Problem: Down to the last line, set down the material below exactly, excluding pictures.

Material provided:
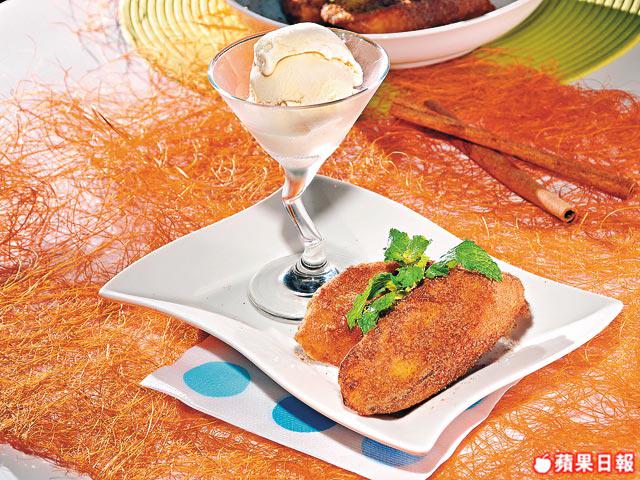 法國麵包2/3條、蛋3隻(拂勻)、奶350毫升、呍呢拿油2茶匙、牛油2湯匙、糖1/2杯、肉桂粉1湯匙、雪糕適量
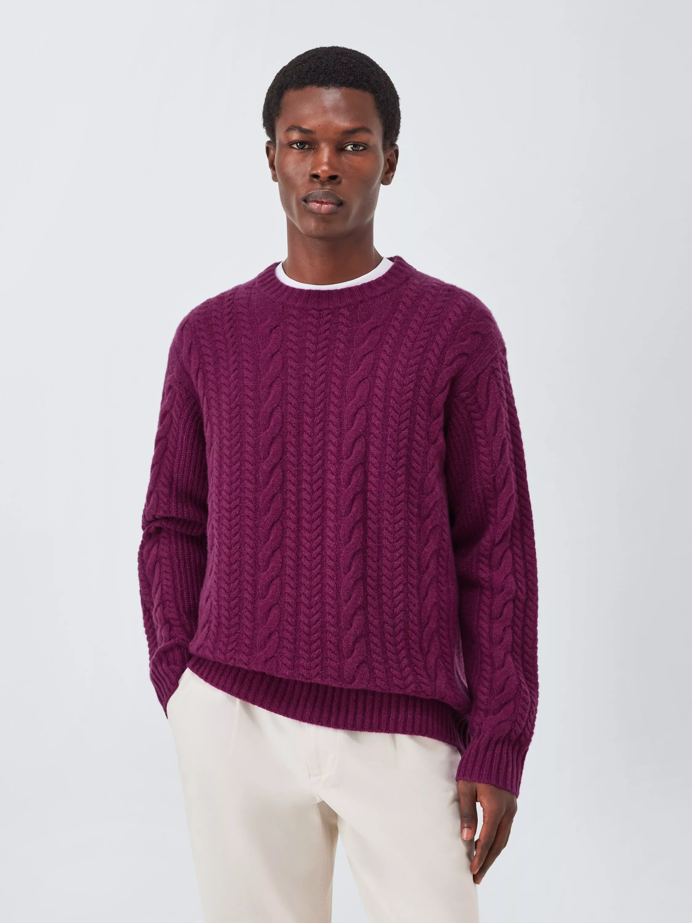 A classic cable knit jumper made from soft and luxurious cashmere with ribbed knit detailing at the crew neckline, hem and cuffs.
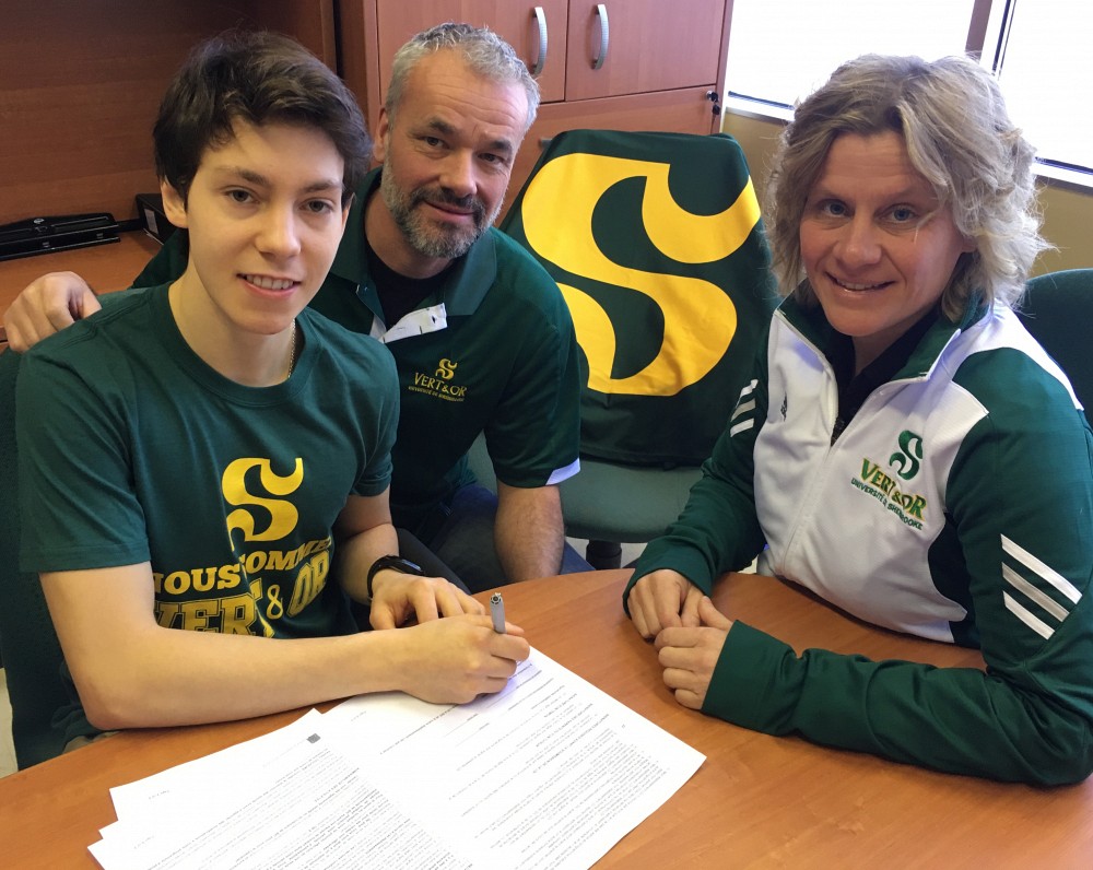 Les entraîneurs du Vert & Or Luc Lafrance et Jean-François Gagné viennent de réaliser un grand coup sur le plan du recrutement avec la confirmation de la venue du talentueux coureur de fond Félix Lapointe-Pilote. Le jeune homme natif de Jonquière, qui a aidé les Volontaires du Cégep de Sherbrooke à remporter deux championnats collégiaux de cross-country consécutifs, était au secrétariat du Service du sport et de l’activité physique de l'Université de Sherbrooke hier, pour signer sa lettre d'intention à la faveur du Vert & Or.
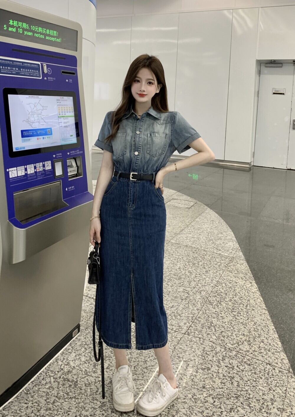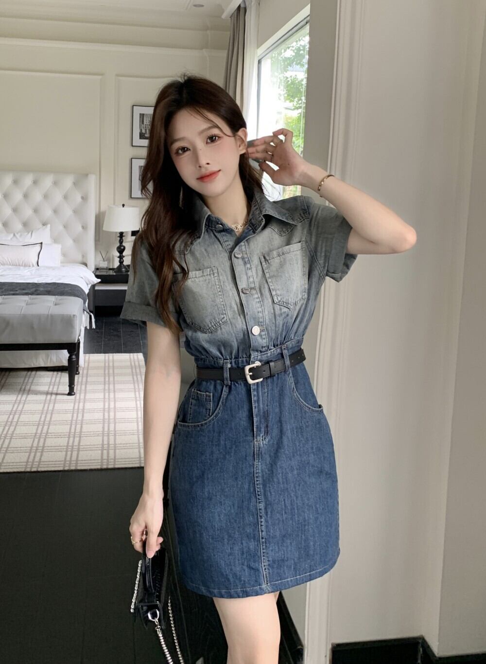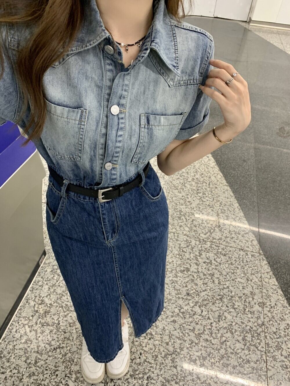 ワンピース レディース デニムワンピース デニムスカート ショート丈 ロング丈 半袖 襟付き ベルト スリット デニム タイト グラデーション かわいい 大人可愛い カジュアル レトロ おしゃれ お洒落 ラブリー キュート ガーリー 主役級 存在感 こなれ感 抜け感 フェミニン 無地 春 夏 10代 20代 30代 40代 学生 通学 デート お出かけ 女子会 休日 着回し 普段使い 韓国 韓国系 ファッション コーデ スタイル モテ 体型カバー 脚長 トレンド 流行 インスタ映え S M L 送料無料

Written answer:
 法國麵包2/3條、蛋3隻(拂勻)、奶350毫升、呍呢拿油2茶匙、牛油2湯匙、糖1/2杯、肉桂粉1湯匙、雪糕適量
 A classic cable knit jumper made from soft and luxurious cashmere with ribbed knit detailing at the crew neckline, hem and cuffs.
 Les entraîneurs du Vert & Or Luc Lafrance et Jean-François Gagné viennent de réaliser un grand coup sur le plan du recrutement avec la confirmation de la venue du talentueux coureur de fond Félix Lapointe-Pilote. Le jeune homme natif de Jonquière, qui a aidé les Volontaires du Cégep de Sherbrooke à remporter deux championnats collégiaux de cross-country consécutifs, était au secrétariat du Service du sport et de l’activité physique de l'Université de Sherbrooke hier, pour signer sa lettre d'intention à la faveur du Vert & Or.
 ワンピース レディース デニムワンピース デニムスカート ショート丈 ロング丈 半袖 襟付き ベルト スリット デニム タイト グラデーション かわいい 大人可愛い カジュアル レトロ おしゃれ お洒落 ラブリー キュート ガーリー 主役級 存在感 こなれ感 抜け感 フェミニン 無地 春 夏 10代 20代 30代 40代 学生 通学 デート お出かけ 女子会 休日 着回し 普段使い 韓国 韓国系 ファッション コーデ スタイル モテ 体型カバー 脚長 トレンド 流行 インスタ映え S M L 送料無料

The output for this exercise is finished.